Anna Cornelia Ploug is a postdoc at the Department of Nordic Studies and Linguistics (NorS), University of Copenhagen (UCPH), where she is doing research on how the humanities address the major challenges facing society.
However, that is not what I have come to talk to her about today. We are to talk about someone who you sense is the young researcher’s professional idol: the French writer, feminist and philosopher Simone de Beauvoir, whose main work The Second Sex turns 75 this year.
The idea for the work was not Beauvoir’s own at all, it turns out:
»It was her friend Colette Audry, who for many years had been talking about writing a great work about womanhood,« says Anna Cornelia Ploug.
»But Colette didn’t have time for it because she was so politically active in the women’s struggle herself,« she laughs.
Beauvoir wasn’t.
»Beauvoir wrote this tome about the question of being a woman, but she had never herself felt to be the object of discrimination on the basis of her gender, or experienced it as a problem in any way,« says Anna Cornelia Ploug.
»She actually wanted to avoid talking about it. But she didn’t quite succeed in avoiding it.«
Feminism has become so mainstream that almost everyone is now a feminist
Anna Cornelia Ploug, postdoc at NorS
The Second Sex is a work which is associated with many stories, myths and opinions. The Pope condemned it, Franco banned it, and it was the cause of a big stir and outcry wherever it became available.
It can even infuriate people nowadays, says Anna Cornelia Ploug, citing as an example the two centre-right pundits Eva and Rune Selsing, who in their book Den Borgerlige Orden [The Bourgeois Order] from 2022 call The Second Sex »a blowtorch directed against bourgeois society«.
Anna Cornelia Ploug somewhat ironically calls it ‘the bible of modern feminism’.
»Yes, and that’s a terrible cliché. A real platitude.«
But she will defend it, she says:
»Because it is also the case with the Bible that many have it on their shelves, but how many have actually read it? People think they know what it says, and there are a lot of rumours about what it says. Great conflicts, wars and battles are fought over it. But in many ways, it’s also just a symbol.«
It is the same with The Second Sex.

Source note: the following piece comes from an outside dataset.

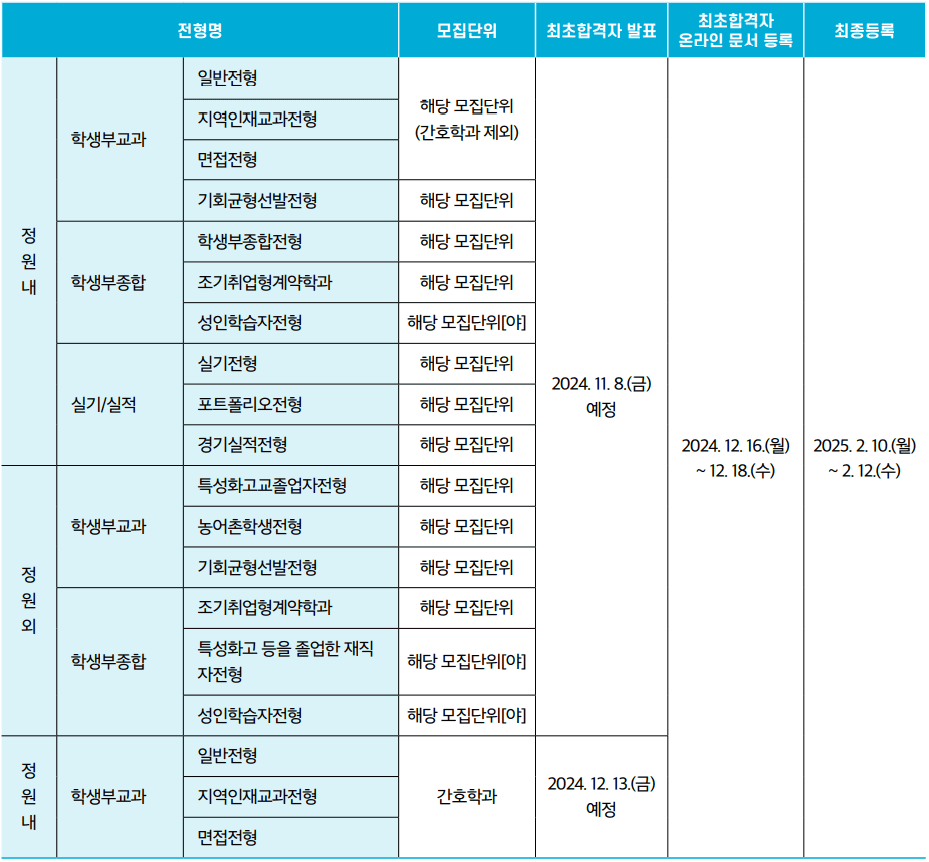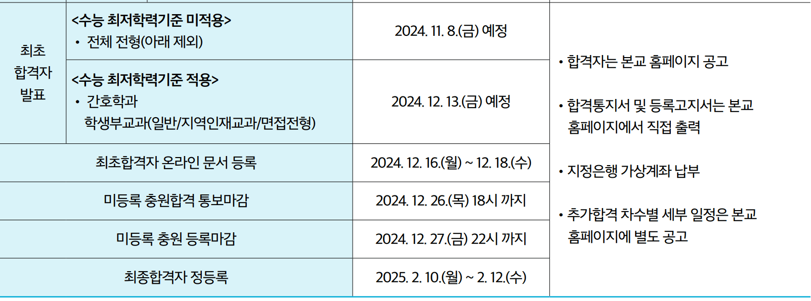 - 2024.11.01.(금) 14시 : <수능 최저학력기준 미적용> 전체 전형

There is disagreement about the interpretation of the book, and its arguments are often oversimplified.
Most people will be familiar with the idea that »you are not born a woman, you become one.« It is often cited as the book’s most important sentence and as a one-liner about gender being the result of a series of performative actions.
But according to Anna Cornelia Ploug, this is a misunderstanding of the sentence itself, and is actually not the book’s main point at all.
»I don’t believe the sentence is just about an individual’s gradual gendering process, as it is often interpreted,« she says.
»What it actually expresses is that becoming a ‘woman’ means taking on a logical position where your autonomy as a free human being is in opposition to being a gendered being.«
As the book’s title also indicates, Beauvoir’s analysis is that while the man is the norm, the woman is the other. The woman becomes the object that enables the man to create himself as a subject.
In this way, the woman is never something in her own right, but only by virtue of her relationship with the man. And it is precisely this idea of ‘otherness’ that would be of great importance to later thinkers.
»The book helps establish what we now know as Women’s Studies, which becomes Gender Studies, and then related subjects like Critical Race Studies, and later Queer Studies and Disability Studies. In a way, it lays the foundation for a whole new way of thinking,« says Ploug.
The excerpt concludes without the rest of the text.